Content starts

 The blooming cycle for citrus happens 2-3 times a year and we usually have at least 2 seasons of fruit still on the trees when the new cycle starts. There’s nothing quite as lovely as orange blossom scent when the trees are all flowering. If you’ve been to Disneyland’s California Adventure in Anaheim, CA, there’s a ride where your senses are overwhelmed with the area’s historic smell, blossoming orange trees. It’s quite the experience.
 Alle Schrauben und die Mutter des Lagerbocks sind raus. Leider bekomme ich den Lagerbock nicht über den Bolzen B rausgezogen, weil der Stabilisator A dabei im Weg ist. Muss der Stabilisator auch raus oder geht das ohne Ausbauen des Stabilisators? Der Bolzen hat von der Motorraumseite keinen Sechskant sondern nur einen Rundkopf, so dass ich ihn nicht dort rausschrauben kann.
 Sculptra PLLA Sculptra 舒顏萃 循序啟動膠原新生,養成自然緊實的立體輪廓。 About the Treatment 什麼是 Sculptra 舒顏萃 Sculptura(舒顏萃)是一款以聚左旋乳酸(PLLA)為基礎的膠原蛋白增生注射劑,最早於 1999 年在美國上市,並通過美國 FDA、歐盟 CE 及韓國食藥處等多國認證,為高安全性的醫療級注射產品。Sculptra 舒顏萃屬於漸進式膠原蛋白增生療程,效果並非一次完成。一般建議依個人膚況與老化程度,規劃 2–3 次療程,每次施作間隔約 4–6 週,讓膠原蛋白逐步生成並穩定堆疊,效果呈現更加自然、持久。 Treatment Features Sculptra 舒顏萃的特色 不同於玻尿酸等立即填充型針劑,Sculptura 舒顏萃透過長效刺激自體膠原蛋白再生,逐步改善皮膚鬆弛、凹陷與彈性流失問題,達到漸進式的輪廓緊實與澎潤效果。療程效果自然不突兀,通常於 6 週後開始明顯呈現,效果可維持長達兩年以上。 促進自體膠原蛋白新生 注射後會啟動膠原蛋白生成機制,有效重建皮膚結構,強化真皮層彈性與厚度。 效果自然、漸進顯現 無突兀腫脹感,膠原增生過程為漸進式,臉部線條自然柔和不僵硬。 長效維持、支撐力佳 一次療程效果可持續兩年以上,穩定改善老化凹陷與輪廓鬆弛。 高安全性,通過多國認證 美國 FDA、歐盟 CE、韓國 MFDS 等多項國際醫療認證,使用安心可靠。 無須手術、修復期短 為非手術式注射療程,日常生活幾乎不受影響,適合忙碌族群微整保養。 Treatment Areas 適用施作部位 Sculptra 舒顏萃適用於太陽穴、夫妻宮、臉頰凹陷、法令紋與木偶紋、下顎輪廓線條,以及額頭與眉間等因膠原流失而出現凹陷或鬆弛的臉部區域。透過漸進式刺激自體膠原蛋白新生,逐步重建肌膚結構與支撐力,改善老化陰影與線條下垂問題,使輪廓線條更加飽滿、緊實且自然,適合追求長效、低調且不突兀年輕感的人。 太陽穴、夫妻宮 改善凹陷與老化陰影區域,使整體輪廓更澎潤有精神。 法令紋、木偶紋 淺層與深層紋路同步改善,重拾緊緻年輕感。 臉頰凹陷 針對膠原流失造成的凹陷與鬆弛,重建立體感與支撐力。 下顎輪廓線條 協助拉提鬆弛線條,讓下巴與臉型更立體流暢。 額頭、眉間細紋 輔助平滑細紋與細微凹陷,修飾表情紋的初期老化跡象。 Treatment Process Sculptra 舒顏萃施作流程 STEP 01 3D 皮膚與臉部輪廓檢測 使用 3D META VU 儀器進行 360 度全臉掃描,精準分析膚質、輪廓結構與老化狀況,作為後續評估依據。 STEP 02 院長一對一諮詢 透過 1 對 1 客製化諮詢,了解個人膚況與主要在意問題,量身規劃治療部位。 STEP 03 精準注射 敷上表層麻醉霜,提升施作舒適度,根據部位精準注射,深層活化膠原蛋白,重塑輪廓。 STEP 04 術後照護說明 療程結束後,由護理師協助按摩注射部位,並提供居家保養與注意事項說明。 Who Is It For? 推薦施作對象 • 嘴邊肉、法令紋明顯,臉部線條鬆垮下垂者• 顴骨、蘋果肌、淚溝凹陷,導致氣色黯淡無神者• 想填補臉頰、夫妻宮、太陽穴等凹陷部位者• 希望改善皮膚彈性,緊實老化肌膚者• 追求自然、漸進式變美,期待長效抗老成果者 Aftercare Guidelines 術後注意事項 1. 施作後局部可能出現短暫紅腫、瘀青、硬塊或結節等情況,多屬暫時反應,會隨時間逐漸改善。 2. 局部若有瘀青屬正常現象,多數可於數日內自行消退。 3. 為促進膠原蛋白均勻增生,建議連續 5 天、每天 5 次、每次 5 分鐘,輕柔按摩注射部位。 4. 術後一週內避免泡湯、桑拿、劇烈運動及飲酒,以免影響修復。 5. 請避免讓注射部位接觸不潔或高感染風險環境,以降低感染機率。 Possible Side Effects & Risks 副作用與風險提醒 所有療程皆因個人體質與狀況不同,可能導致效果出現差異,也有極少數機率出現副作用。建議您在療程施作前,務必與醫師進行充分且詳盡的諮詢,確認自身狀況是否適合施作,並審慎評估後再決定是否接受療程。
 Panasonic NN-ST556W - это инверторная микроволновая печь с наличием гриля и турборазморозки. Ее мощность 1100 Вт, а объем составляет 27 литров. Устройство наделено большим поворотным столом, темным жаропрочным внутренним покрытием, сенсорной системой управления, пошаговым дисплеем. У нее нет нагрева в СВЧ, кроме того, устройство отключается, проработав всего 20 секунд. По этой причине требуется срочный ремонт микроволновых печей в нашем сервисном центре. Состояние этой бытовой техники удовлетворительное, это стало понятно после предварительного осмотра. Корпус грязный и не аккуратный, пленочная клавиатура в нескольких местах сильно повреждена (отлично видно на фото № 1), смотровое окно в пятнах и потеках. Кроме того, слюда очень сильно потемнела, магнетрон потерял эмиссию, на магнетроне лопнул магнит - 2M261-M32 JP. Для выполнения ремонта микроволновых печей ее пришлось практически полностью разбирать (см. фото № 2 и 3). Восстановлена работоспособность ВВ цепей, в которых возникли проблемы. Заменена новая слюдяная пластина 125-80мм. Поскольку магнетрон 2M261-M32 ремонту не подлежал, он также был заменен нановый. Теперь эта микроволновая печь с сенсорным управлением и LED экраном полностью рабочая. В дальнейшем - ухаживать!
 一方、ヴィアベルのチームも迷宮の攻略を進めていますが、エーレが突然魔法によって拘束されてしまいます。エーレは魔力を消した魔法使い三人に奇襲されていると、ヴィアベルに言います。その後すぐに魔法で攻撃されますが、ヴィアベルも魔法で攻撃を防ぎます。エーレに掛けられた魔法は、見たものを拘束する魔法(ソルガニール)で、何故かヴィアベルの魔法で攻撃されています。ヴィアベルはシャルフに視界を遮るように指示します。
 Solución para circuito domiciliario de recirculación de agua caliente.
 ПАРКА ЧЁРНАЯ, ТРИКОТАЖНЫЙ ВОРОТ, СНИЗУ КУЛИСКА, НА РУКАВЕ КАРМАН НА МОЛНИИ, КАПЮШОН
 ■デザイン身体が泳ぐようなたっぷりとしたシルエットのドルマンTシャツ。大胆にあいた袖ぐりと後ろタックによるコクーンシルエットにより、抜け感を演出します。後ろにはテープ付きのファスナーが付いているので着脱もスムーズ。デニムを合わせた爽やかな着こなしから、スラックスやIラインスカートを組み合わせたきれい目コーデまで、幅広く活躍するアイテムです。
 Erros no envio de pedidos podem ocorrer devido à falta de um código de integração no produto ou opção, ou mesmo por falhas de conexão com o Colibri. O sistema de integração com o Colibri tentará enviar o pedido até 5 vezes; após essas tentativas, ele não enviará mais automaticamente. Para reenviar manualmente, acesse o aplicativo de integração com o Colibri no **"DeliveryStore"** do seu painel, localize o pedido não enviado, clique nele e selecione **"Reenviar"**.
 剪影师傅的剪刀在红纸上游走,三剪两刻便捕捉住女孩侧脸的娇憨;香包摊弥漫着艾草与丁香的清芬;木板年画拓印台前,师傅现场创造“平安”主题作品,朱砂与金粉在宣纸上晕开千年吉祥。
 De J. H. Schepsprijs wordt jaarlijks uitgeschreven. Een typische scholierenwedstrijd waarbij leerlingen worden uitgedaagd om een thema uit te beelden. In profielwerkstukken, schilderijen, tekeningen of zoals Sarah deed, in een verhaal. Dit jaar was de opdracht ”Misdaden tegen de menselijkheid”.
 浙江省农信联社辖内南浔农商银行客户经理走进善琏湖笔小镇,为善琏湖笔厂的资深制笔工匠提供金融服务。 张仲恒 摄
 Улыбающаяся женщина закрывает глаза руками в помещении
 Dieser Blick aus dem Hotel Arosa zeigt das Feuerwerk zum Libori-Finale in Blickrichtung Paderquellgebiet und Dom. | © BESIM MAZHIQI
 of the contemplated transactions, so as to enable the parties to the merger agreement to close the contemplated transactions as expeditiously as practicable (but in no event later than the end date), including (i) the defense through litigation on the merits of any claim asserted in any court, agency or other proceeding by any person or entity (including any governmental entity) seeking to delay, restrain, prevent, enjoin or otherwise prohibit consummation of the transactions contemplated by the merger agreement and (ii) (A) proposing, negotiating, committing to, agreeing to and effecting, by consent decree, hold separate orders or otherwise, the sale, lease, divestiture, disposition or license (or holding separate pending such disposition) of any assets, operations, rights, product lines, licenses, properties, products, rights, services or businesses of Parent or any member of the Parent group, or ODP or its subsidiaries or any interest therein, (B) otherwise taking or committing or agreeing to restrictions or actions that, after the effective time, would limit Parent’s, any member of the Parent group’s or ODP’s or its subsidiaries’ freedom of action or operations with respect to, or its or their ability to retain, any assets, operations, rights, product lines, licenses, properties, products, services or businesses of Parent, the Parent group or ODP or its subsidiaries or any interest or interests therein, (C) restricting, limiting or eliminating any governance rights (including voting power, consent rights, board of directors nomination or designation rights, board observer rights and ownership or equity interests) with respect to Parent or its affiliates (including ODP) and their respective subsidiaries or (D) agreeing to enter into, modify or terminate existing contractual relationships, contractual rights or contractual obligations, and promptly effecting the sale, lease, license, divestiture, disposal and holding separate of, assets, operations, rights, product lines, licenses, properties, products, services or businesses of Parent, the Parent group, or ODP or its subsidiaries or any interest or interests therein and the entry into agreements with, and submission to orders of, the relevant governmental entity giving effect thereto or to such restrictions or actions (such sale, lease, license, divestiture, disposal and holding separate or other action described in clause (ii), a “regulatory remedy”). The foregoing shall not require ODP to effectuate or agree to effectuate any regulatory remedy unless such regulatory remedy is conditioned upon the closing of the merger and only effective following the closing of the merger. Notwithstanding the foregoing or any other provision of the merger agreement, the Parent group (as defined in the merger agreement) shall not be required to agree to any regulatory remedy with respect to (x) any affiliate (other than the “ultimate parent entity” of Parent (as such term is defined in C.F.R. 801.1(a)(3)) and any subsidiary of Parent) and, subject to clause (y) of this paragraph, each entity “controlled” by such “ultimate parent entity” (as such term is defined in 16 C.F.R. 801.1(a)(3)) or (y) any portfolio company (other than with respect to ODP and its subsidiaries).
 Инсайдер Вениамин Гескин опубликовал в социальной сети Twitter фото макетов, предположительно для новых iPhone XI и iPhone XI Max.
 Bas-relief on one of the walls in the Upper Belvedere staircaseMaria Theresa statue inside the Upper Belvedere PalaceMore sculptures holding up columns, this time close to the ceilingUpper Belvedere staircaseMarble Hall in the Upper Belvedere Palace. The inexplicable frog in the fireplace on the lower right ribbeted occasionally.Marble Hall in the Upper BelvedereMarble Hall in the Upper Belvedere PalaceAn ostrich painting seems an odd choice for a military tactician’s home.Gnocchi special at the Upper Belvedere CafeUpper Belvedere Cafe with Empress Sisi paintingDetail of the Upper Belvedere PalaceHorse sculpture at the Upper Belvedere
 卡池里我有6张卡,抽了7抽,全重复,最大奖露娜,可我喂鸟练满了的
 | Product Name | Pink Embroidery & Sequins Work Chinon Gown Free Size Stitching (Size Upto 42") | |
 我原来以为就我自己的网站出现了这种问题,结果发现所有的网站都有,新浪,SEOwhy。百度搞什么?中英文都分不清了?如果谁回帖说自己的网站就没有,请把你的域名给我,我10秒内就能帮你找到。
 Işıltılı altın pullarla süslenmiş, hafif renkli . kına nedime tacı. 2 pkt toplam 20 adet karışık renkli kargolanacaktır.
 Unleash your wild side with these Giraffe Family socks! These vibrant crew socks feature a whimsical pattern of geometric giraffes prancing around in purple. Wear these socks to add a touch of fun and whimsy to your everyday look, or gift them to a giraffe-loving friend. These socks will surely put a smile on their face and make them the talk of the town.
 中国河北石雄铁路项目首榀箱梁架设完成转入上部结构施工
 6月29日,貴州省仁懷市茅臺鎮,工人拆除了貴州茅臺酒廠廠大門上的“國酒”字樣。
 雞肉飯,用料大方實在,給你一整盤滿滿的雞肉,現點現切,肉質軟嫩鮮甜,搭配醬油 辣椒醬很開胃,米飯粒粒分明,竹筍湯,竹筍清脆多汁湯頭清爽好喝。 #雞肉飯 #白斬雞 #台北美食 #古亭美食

Content ends

Requirement:
In the data above, copy every line where the string "your" appears.

Reply:
 The blooming cycle for citrus happens 2-3 times a year and we usually have at least 2 seasons of fruit still on the trees when the new cycle starts. There’s nothing quite as lovely as orange blossom scent when the trees are all flowering. If you’ve been to Disneyland’s California Adventure in Anaheim, CA, there’s a ride where your senses are overwhelmed with the area’s historic smell, blossoming orange trees. It’s quite the experience.
 Unleash your wild side with these Giraffe Family socks! These vibrant crew socks feature a whimsical pattern of geometric giraffes prancing around in purple. Wear these socks to add a touch of fun and whimsy to your everyday look, or gift them to a giraffe-loving friend. These socks will surely put a smile on their face and make them the talk of the town.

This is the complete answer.